I'm currently training a puppy that I know will either be loved or hated in the AB AKC ring. He's 75% working line and 25% american show line, but has an insanely nice topline, gorgeous movement, super elastic gait with EXCELLENT hock motion, and an AWESOME head. So far we're working on stacking... Working on lead work... Working on not barking like a ninny... Working on not sitting every time the bait comes out... He's also in training to be my husband's service dog for balance issues and PTSD so we figure exposing him to the general insanity of a dog show environment can only be helpful. It's worth the $29 an entry win or lose and if it's not for us, it helps bump up the points for someone else >

That being said... It's been 15 years since I stepped foot in a show ring. I have little to no idea what they're doing as far as leads... Any recommendations?


----------



## Xeph (Jun 19, 2005)

Depends on who you ask and your style of showing.

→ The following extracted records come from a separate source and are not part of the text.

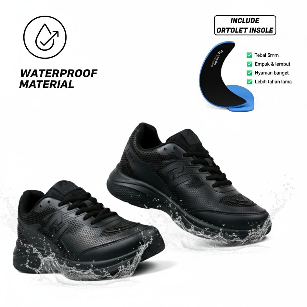 NEVIS Sepatu Sneakers Pria Wanita Raptor Waterproof Casual Sekolah Kerja Full Black Hitam
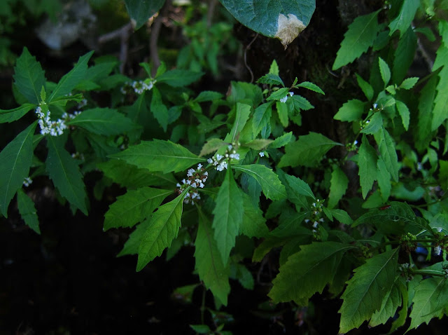 This Marchantia polymorpha is one of the few liverworts I can recognize on my own, especially when fruiting with those tiny umbrella-shaped fruits, but both Nancy and I were surprised to find it growing out on these islands. It's usually found covering the soil in potted plants, much to the dismay of nurserymen.
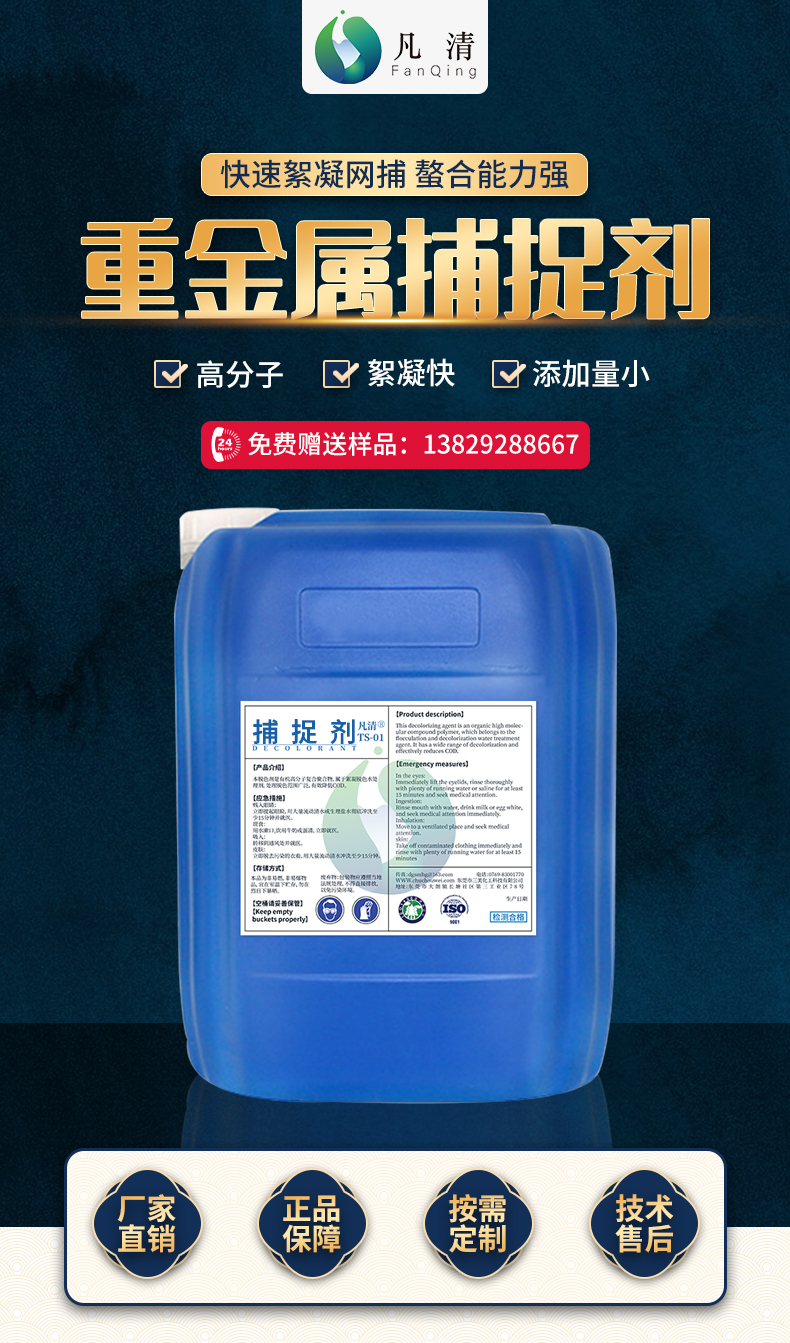 重金属捕捉剂是一种能与重金属离子发生化学反应,形成稳定沉淀物的化学药剂。它通常含有特定的官能团,如氨基、硫基等,这些官能团对重金属离子具有强烈的亲和力。当捕捉剂加入到煤炭废水中时,其官能团会与重金属离子迅速结合,形成不溶于水的螯合物或沉淀物。这些沉淀物可以通过沉淀、过滤等工艺从废水中分离出来,从而实现重金属的有效去除。
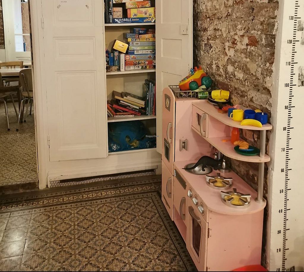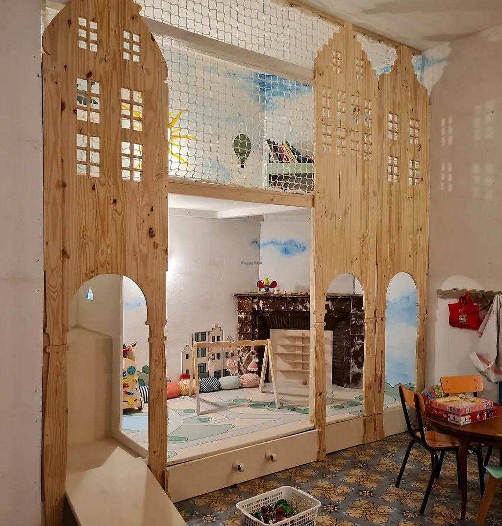 A joyful, inclusive, cafe, restaurant, shop, & event space offering shared offices, workshops, and a welcoming atmosphere for all ages. Offers lunch & snacks, including sandwiches, salads, and pasta dishes in jars, and other items for takeaway. (Vegan choices are not clearly labeled so please inquire.) Very suitable for children - offering a changing table, high chairs, mini-portions, and an indoor playground with a cabin, books, toys, and games. Also has a curated selection of local, fair trade fashion accessories & decorative items for sale. Open Mon-Fri 09:00-18:00, Sat 10:00-19:00. Closed Sun.

My fully trained dogs are exhibited on leather or fine chain collars and beaded leads. Puppies are shown on fabric or fursaver collars with a 4-6' leather lead


----------



## dogfaeries (Feb 22, 2010)

Ditto on the fursaver and a skinny (1/4") 6' lead. That's what I'm using on my puppy.


----------



## sebrench (Dec 2, 2014)

Good luck! Would love to see pics!


----------



## Deb (Nov 20, 2010)

Xeph said:


> Depends on who you ask and your style of showing.
> 
> My fully trained dogs are exhibited on leather or fine chain collars and beaded leads. Puppies are shown on fabric or fursaver collars with a 4-6' leather lead



It's amazing how popular those beaded leads have become!


----------



## Xeph (Jun 19, 2005)

They're still seen basically never on GSDs, though, since people want to exhibit dogs hauling into colors at breakneck speed


----------